AI code judgement
AI Coding Evaluation and PR Handoff
Photon101 compares agent-written patches against the evidence a maintainer or buyer actually needs: acceptance coverage, test results, scope control, review risk, verification commands, and handoff quality.
- Inputs. Candidate patches, model transcripts, CI logs, PR review threads, acceptance criteria, repo instructions, and verification commands.
- Output. A scored recommendation with concrete evidence, failure modes, residual risk, and maintainer-ready handoff text.
- Best fit. Agent-output comparisons, PR rescue decisions, hiring screens, and teams choosing which generated patch to trust.
Sample Scorecard
Example task: compare two AI patches for a flaky invoice-export CI failure.

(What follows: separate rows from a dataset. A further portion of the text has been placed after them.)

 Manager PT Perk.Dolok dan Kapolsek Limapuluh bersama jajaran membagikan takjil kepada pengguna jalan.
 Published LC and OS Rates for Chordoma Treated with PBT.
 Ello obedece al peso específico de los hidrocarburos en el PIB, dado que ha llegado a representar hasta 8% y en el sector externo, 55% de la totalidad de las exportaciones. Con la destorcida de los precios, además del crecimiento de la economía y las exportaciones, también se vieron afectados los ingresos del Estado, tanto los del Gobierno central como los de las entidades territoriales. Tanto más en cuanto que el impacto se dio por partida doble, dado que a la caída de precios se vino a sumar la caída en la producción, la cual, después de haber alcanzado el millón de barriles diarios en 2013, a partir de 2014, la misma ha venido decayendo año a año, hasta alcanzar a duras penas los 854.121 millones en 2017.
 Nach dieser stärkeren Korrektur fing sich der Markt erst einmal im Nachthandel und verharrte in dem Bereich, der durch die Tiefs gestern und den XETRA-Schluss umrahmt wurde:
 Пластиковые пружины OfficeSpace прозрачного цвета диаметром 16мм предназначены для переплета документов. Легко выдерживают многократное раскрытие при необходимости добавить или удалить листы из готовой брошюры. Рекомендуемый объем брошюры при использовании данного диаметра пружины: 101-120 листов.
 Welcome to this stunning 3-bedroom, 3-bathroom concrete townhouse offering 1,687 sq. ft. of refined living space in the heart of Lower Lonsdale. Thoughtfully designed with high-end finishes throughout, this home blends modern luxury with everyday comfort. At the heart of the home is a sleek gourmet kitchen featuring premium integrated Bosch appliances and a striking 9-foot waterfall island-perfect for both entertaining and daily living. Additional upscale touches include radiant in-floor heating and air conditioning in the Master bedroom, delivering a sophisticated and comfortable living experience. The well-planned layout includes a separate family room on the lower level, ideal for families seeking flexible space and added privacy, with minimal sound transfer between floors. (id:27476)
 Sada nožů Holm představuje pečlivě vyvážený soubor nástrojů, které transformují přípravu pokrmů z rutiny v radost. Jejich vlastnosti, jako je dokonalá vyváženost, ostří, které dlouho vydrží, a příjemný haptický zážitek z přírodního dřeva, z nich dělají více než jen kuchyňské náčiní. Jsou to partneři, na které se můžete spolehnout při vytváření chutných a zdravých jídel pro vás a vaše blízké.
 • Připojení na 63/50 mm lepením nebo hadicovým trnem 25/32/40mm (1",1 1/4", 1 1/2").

| Candidate | Evidence | Risk | Decision |
|---|---|---|---|
| Candidate A | Focused test passed, but full-suite evidence is missing and the handoff is thin. | Timezone regression risk is not called out; the reviewer has to infer next checks. | Do not merge yet. |
| Candidate B | Focused test, full suite, timezone-specific verification, and clean diff scope. | Residual risk is explicit and bounded to date parsing edge cases. | Recommended. |
Deliverables
- Winner recommendation with why it is safer than the alternatives.
- Acceptance-criteria coverage mapped to concrete evidence.
- CI, test, lint, and typecheck summary with missing verification called out.
- Scope-control and risk review, including broad rewrites and unrelated churn.
- Maintainer-ready handoff notes that can be pasted into a PR or client update.
Proof
The public starter repo includes a dependency-free Node CLI, sample fixture, JSON and Markdown output, and secret redaction for common token patterns. Run it with npm test, npm run demo, or node bin/code-eval.mjs fixtures/sample-evaluation.json --format markdown.